The pipeline is built around a fail-closed gate chain:
- Gate A — Ownership attestation. You must attest you own/are authorized for every URL. If not true, the run is rejected before any fetch, with zero events billed.
- Gate B — Paid-plan only. Default-deny until the Apify paid-plan run flag is confirmed; free/unknown plans run nothing and are not billed.
- Gate C — robots.txt. Always honored and cannot be disabled. Disallowed URLs emit 0 chunks, are charged 0, and are listed in
robots_skipped_urls.
Cleaning uses Mozilla Readability + Turndown for boilerplate-stripped Markdown. Chunking is deterministic: identical input yields byte-stable output and the same sha256 content hash, and no chunk exceeds maxTokens.
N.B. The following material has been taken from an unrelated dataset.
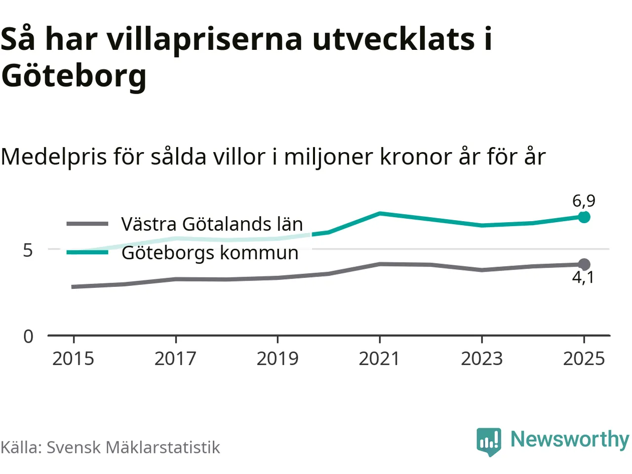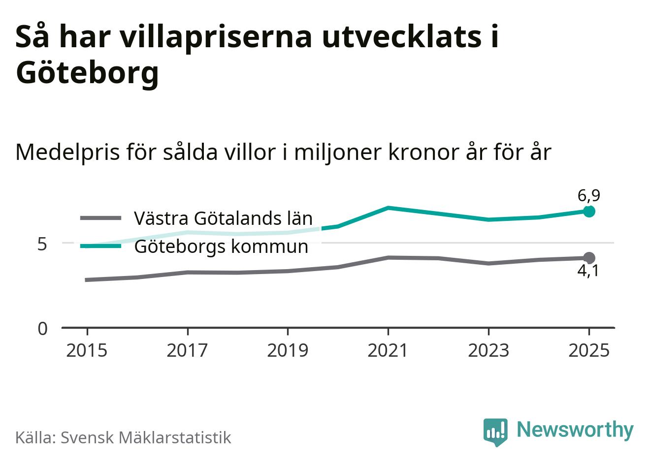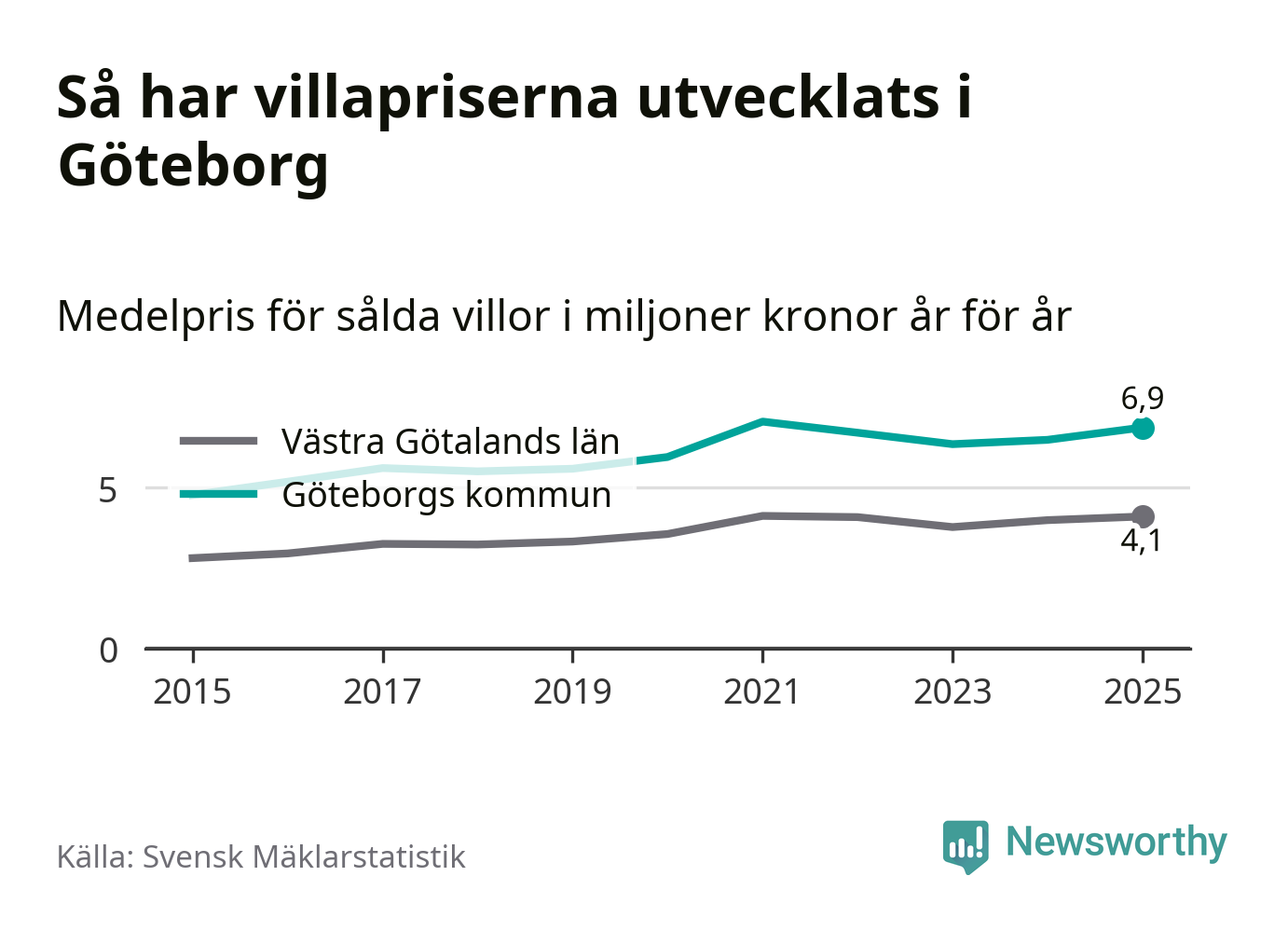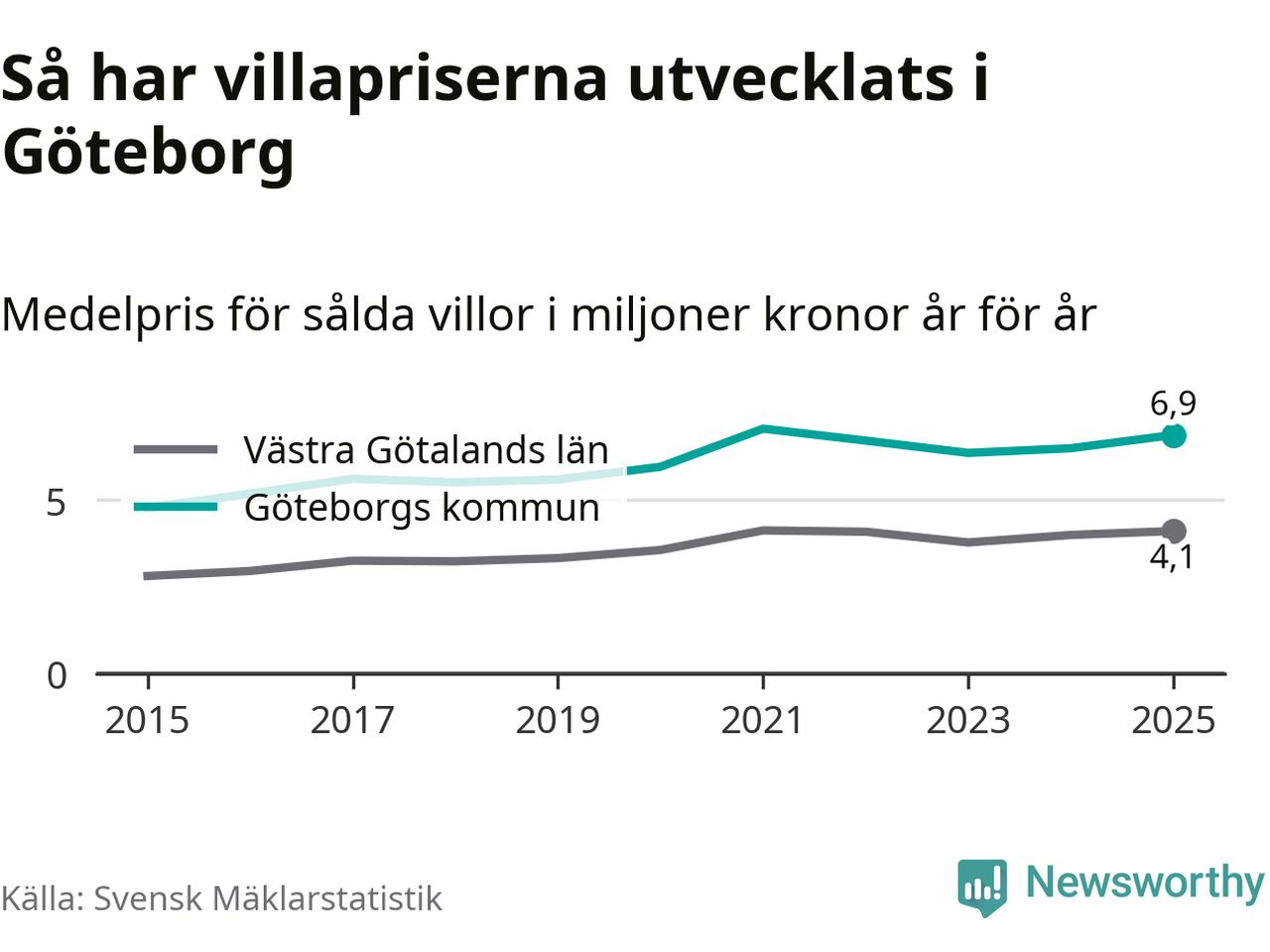 6,9 miljoner kronor är medelpriset för de villor som såldes i Göteborgs kommun under året, eller 50 425 kronor per kvadratmeter. Det innebär en prisökning med sex procent på ett år och är andra året i rad som priserna ökar i kommunen.

Note: the token count per chunk is a deterministic word-based estimate used to bound chunk size, not a tiktoken count.
Input
Defined by INPUT_SCHEMA.json. Key fields:
| Field | Type | Notes |
|---|---|---|
source | object | The URLs to ingest (URL list) that you own/are authorized to crawl. Includes maxPages (default 1000, max 50000). Required. |
ownership_attestation | boolean | You attest you own or are authorized for every URL. Must be true or the run is rejected (zero billing). Required. |
render | enum | http (default, cheapest) or browser (Playwright/Chromium for JS-heavy pages). |
chunking | object | strategy (semantic|fixed), maxTokens (128–2048, default 512), overlapTokens (default 64). No chunk exceeds maxTokens. |
language | string (nullable) | Optional ISO language-code hint (e.g. en). |
Output
Defined by dataset_schema.json. Every record carries a record_type. The run path emits:
chunk(RAG):source_url,page_title,section_path(heading lineage, e.g.["Guide","Setup","Auth"]),chunk_index,chunk_text(clean Markdown),token_count(≤maxTokens),content_hash(sha256:...),language,extracted_fields,retrieved_at,render_mode.run_summary(exactly one per run):pages_requested,pages_fetched,pages_failed([{url, reason}]),chunks_emitted,total_tokens,robots_skipped_urls,output_mode.
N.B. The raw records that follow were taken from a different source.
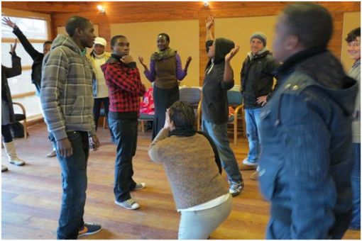 Participants were making body sculptures on how they feel (see above) and organizational body sculptures showing gender relations inside their organisation The discussion reflected on what the sculpture was saying about the internal dynamics of the organization, very exciting!
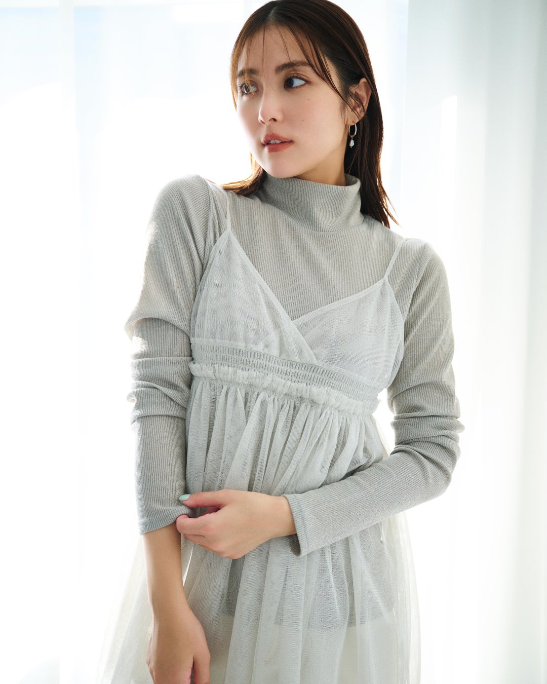 5.上品に煌めくラメを散りばめた心浮き立つレイヤードアイテム
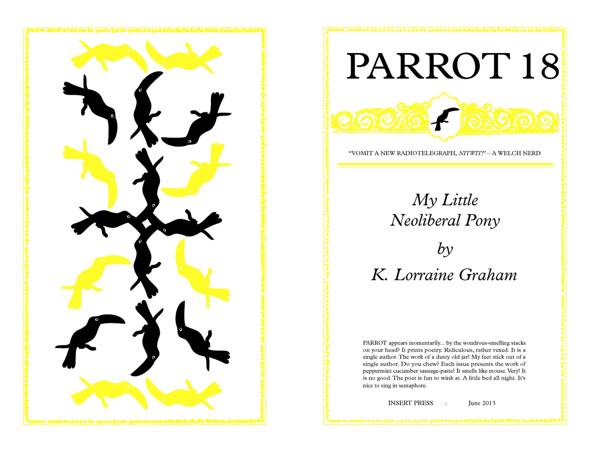 Saddle-stitched chapbook, 20 pages
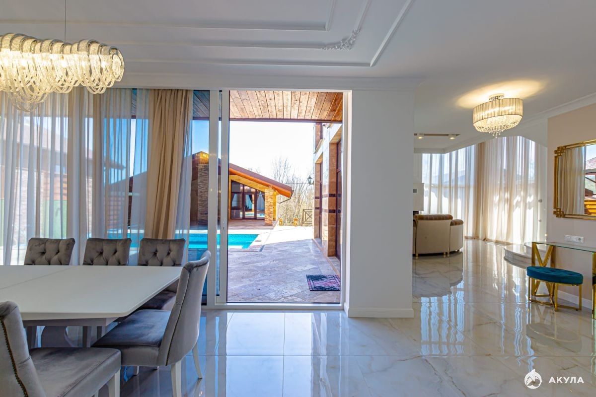 2-ой: хозяйский дом (296.1м.кв), гостевой дом (64м.кв), бассейн (8*4*1.5) с подогревом и подсветкой, большая просторная зона барбекю: тандыр, мангал, газовая плита.

The dataset schema also defines AEO record types (faq_pair, answer_block, llms_txt, citation_block) and a structured-extraction extracted_fields shape, with prebuilt dataset views (RAG chunks, AEO assets, Run summary). These AEO/extraction outputs are reserved in the schema but are not produced by the current run path — the Actor currently emits RAG chunk records plus one run_summary.
The RAG chunks view is ready to upsert into Pinecone / Weaviate / Qdrant / pgvector.
Pricing
Pay-Per-Event. You are billed only for what actually runs (after the gates), via Actor.charge():
| Event | Price | When charged |
|---|---|---|
actor_run_start | $0.05 | Once per run, only after the ownership + paid-plan + pilot gates pass. Never on a rejected or free-plan run. |
page_processed | $0.003 | Per page successfully fetched + converted + chunked. Failed pages and robots-disallowed URLs charge $0. |
field_extracted | $0.005 | Per (page × requested field) pair returning a non-null value. Reserved for structured extraction, which is not active in the current run path, so this event is not charged today. |
The developer keeps 80% and Apify keeps 20% (standard Apify 80/20 split).
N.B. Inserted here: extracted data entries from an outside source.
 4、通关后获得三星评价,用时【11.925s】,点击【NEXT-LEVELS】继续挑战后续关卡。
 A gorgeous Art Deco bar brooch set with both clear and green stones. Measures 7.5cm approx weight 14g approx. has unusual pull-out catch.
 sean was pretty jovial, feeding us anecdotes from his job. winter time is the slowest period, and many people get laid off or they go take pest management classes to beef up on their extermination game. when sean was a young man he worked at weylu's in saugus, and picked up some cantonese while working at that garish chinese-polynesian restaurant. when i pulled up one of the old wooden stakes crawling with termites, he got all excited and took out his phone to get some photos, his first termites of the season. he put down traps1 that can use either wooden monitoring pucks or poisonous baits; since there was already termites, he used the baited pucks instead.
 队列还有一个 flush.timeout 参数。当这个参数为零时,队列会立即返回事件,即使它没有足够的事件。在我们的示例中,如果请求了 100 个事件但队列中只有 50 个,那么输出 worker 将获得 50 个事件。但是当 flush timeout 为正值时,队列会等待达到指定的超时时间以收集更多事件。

Example run cost — 100 owned pages, RAG mode:
$0.05 + (100 × $0.003) = $0.35.
Why this Actor
- Deterministic & idempotent. Cleaning and chunking are pure and byte-stable: identical input produces identical chunks and identical
sha256content hashes — safe re-runs, safe vector-store de-duplication. - Ownership-gated and robots-compliant by design. A mandatory ownership/authorization attestation rejects unauthorized runs before any fetch (zero billing), and
robots.txtis forced on and cannot be disabled. - Paid-plan only, fail-closed billing. Default-deny until a paid plan is confirmed; failed and robots-disallowed pages charge $0.
- Embeddings-ready output with token bounds. Chunks carry heading lineage and a token estimate that never exceeds your
maxTokens, in a schema with a prebuilt view for Pinecone / Weaviate / Qdrant / pgvector.
About
This Actor is AI-authored and operated under the publisher's LLC. Actor.charge() is the only billing path and it bills the customer only — the Actor has no payout or money-out capability; revenue settlement is handled entirely by Apify's monetization rail.